Por onde tenho passado eu tenho feito bons campeonatos e deixado uma história, e no Uberlândia não foi diferente. Conquistei título e também fui muito bem individualmente, sendo o artilheiro do time e líder de assistências. Para um lateral, isso é um marco muito grande. O campeonato que fiz foi muito diferenciado e me destaquei, mas o mais importante é que o grupo conquistou o objetivo principal. Quando o coletivo não vai bem, dificilmente você se destaca.
 
Como a pandemia afetou você e seus companheiros de equipe?
Nós estávamos vindo de vários jogos bons, numa crescente grande e tínhamos jogos muito difíceis, contra o Villa Nova e a Tombense. Do nada, o campeonato parou por uma questão totalmente diferente, algo que ninguém nunca passou, então é complicado. Ainda mais quando a gente precisa ficar em casa, sem saber quando vai voltar e com rumores que o campeonato iria acabar. Foi bem difícil e para treinar sozinho em casa é complicado, muita gente precisou treinar em casa num espaço pequeno e é difícil manter a forma física ideal.
 
No seu caso, como foi o retorno? A forma física te prejudicou de alguma forma?
A forma física eu não senti tanto, porque eu consegui treinar em uma academia sozinho e fazia todo o procedimento passado pelos preparadores físicos.

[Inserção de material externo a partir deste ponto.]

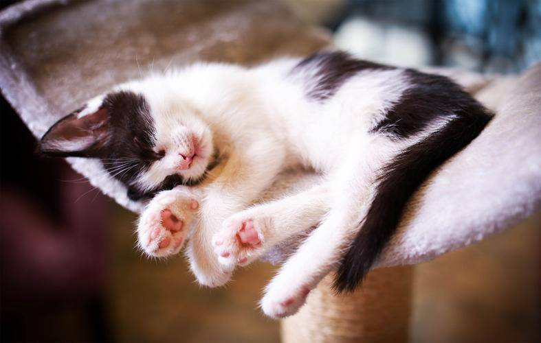 如果你家猫咪睡觉的时候,睡姿总是很放肆,四叉八仰的,那其实是猫咪过得幸福的表现。因为它过得很开心,所以睡觉的时候,总是睡得各种各样,完全不用担心自己被攻击。相信你家猫咪经常这样吧?

Para mim foi mais fácil, e como a diretoria do Uberlândia conseguiu reunir toda a base titular da equipe, o entrosamento a gente já tinha, então era trabalhar mais nessa parte física.
 
Você disputou o prêmio “Destaque do Interior”, do site Globo Esporte, e ficou atrás do Ibson, eleito o melhor jogador do campeonato. O quão contente você está com o seu desempenho?
Fico muito honrado de ter participado, foi sensacional para mim. Eu já tinha feito dois campeonatos muito bons pela URT, sendo especulado na seleção do campeonato. Colocaram o Guilherme Arana (Atlético-MG) na seleção, mas ele não fez uma competição que eu e o João Paulo (Tombense) fizemos. O João Paulo teria todo o mérito, porque chegou na final fazendo gol importante e dando passes. Acho que ter colocado o Arana foi totalmente injusto, mas eles sempre gostam de colocar jogadores de times grandes, como o Cruzeiro, Atlético e América, mas tem que valorizar mais os times do interior.
 
Como foram os dias antes do jogo contra o Cruzeiro, quando 13 membros do clube foram diagnosticados com a Covid-19?
Foi complicado. Fiquei conversando com o Luizinho e com os contaminados e é difícil, porque você não sabe como o seu corpo vai reagir. Todo mundo estava com medo, mas graças a Deus todo mundo venceu essa batalha. Acho que foi justo a gente ganhar o título, porque não teríamos condições de disputar aquela final. O Cruzeiro está de parabéns por ter abdicado do título, mas a gente merecia mesmo, pelo trabalho que foi feito.
 
Imagino que de qualquer maneira, todos queriam estar em campo se não fosse pelo diagnóstico, estou certo?
Todo mundo queria jogar, até mesmo os meninos da base. Nós tínhamos jogadores para jogar, mas a equipe ficaria muito fraca e totalmente desconfigurada, vários titulares sairiam. Muitos atletas da base nem treinaram muito com o Luizinho, mas todos queriam que tivesse jogo, ainda mais no palco do Mineirão e contra a equipe do Cruzeiro.
 
Em relação a 2021, você volta para o Uberlândia?
Tenho propostas para disputar o Campeonato Mineiro. Deixei bem claro para a diretoria que eles teriam prioridade. Mas tudo depende das eleições, então vamos aguardar, e se o presidente tiver interesse e entrar em contato, eu vou dar prioridade para o Uberlândia, porque foi o time onde fui vitorioso e tenho um carinho muito grande pela torcida, que me abraçou. Vou fazer o possível para voltar, para que a gente possa conquistar mais títulos e o tão sonhado acesso para a Série C.